Путь в архипелаге (воспоминание о небывшем) - Олег Верещагин 4 стр.


* * *

Вблизи этот странный туман выглядел облачками бледно-бледно разведённой чёрной краски, сквозь которую всё видно, а сама она почти незаметна. Первое такое облачко окутывало симпатичную рощицу, и я было сунулся туда, но Танюшка вцепилась в меня:

- Не ходи! Вдруг это какой-то газ!

- Да ну, газ, - для проформы и самоутверждения пробурчал я, но внутрь и правда не пошёл. Серое облачко действительно как-то отталкивало, и мы и от остальных держались подальше.

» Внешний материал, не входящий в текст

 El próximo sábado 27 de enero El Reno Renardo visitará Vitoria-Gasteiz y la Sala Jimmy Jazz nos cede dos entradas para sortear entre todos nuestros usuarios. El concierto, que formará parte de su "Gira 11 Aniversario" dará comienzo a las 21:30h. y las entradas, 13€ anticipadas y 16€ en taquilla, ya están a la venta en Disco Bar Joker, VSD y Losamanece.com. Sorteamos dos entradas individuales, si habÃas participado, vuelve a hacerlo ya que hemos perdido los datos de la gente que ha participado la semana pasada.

Мы всё-таки добрались до леса - как раз к тому моменту, когда солнце за него село. Не стемнело, но резко смерклось.

- На опушке заночуем? - спросила Танюшка устало. Я хотел было кивнуть…

И не кивнул.

Я никогда в жизни не ощущал того, что называется "взглядом в спину". Только в книжках читал. Но наверное что-то такое сидит в каждом человеке - от предков, что ли? И просыпается, когда "подопрёт".

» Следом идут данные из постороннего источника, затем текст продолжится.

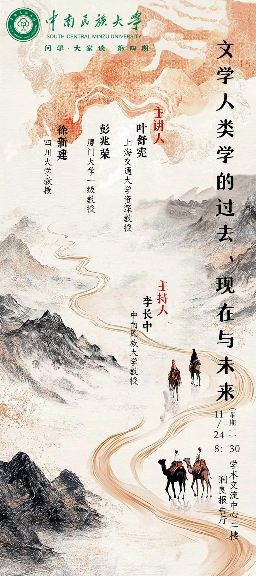 【讲座预告】叶舒宪、彭兆荣、徐新建:文学人类学的过去、现在与未来(11月24日)

Уж куда сильнее, чем подпёрло нас…

Короче - я ощутил этот самый взгляд. Тяжёлый и… не то что угрожающий, нет. Но неприятный, словно меня оценивали.

Я обернулся - спокойно, будто решил просто взглянуть на путь, пройдённый за день. И - вот честное слово! - на какую-то даже не секунду, а на её хвостик - увидел промельк движения. В том самом месте, где мы спустились с откоса.

Пятнадцать километров - это много, на таком расстоянии нельзя увидеть одно живое существо, даже крупное. Тут словно чёрная капля перелилась…

Группа. Стадо, косяк - что угодно. Только как-то странно для животных - словно выглянули - и назад. Животные так себя не ведут.

Именно группа. И если эти - кто бы они ни были - появились именно в этот момент, то они нас, конечно, не видели. А если наблюдали уже давно?..

… - Нет, Тань, - спокойно сказал я, - давай уйдём подальше. В лес.

* * *

Ракушки оказались никакими, хотя мы, морщась, сдабривали их пеплом, чтобы хоть чуть-чуть посолить. Однако, есть хотеться перестало. Я улёгся на траву, закинув руки под голову. Танюшка сидела боком, одной рукой опершись оземь, другой - перебирая пустые раковины, красиво отблёскивавшие перламутром изнутри в свете гаснущего костра.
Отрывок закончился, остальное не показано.